> [Provided records]:
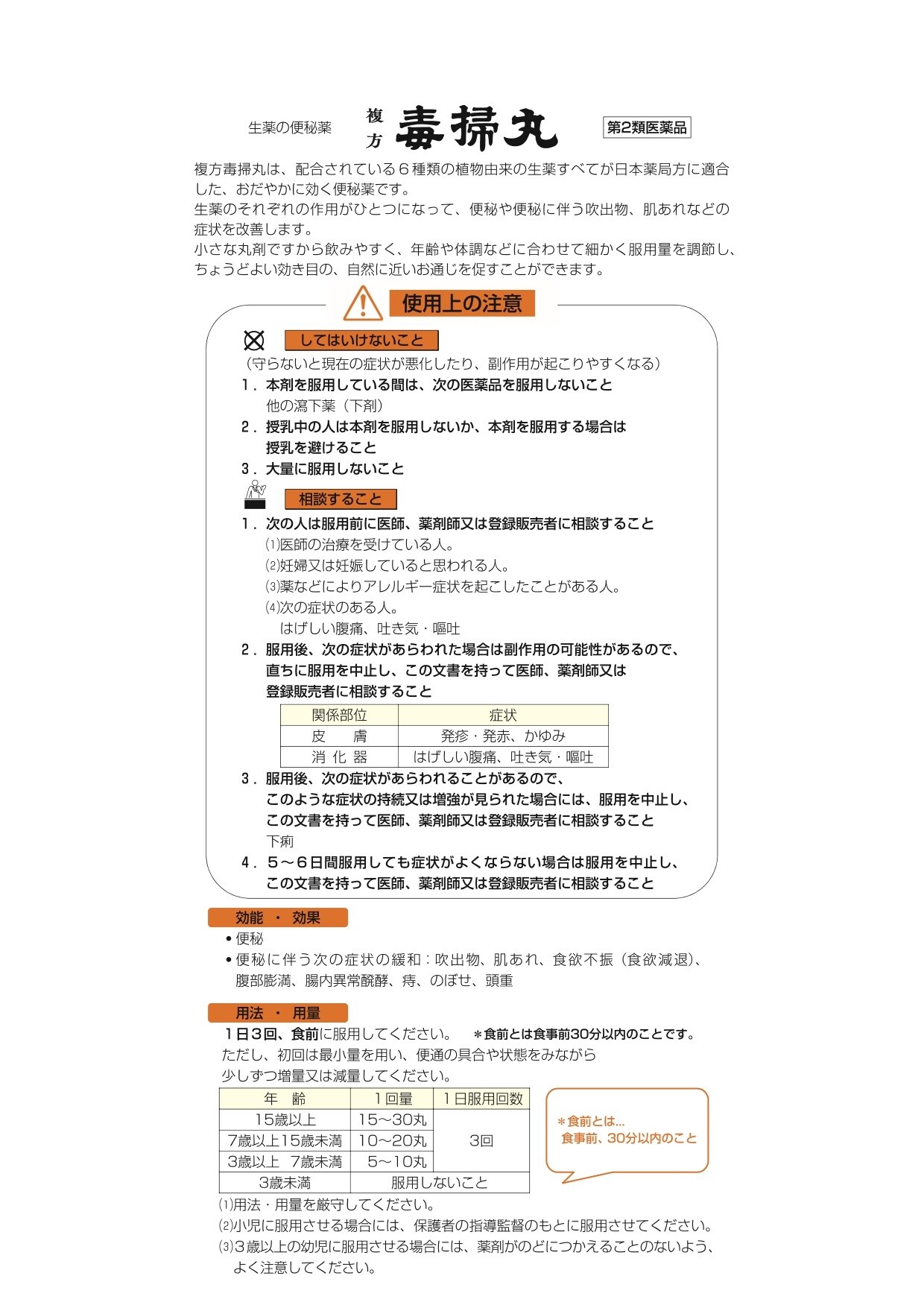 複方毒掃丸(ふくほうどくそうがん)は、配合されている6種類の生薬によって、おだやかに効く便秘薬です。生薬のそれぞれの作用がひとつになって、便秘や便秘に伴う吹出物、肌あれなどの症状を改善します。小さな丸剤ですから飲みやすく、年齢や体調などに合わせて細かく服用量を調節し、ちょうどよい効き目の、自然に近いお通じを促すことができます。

...

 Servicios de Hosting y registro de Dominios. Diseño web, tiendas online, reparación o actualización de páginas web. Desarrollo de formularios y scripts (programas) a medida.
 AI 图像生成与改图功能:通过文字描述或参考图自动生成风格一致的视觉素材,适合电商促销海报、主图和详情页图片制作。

> [What you are asked to do]: In the entries above, restate word for word the lines between the one holding "Servicios de Hosting" and the one holding "AI 图像生成与改图功能:通", inclusive, and nothing besides.

> [Answer to this task]:
 Servicios de Hosting y registro de Dominios. Diseño web, tiendas online, reparación o actualización de páginas web. Desarrollo de formularios y scripts (programas) a medida.
 AI 图像生成与改图功能:通过文字描述或参考图自动生成风格一致的视觉素材,适合电商促销海报、主图和详情页图片制作。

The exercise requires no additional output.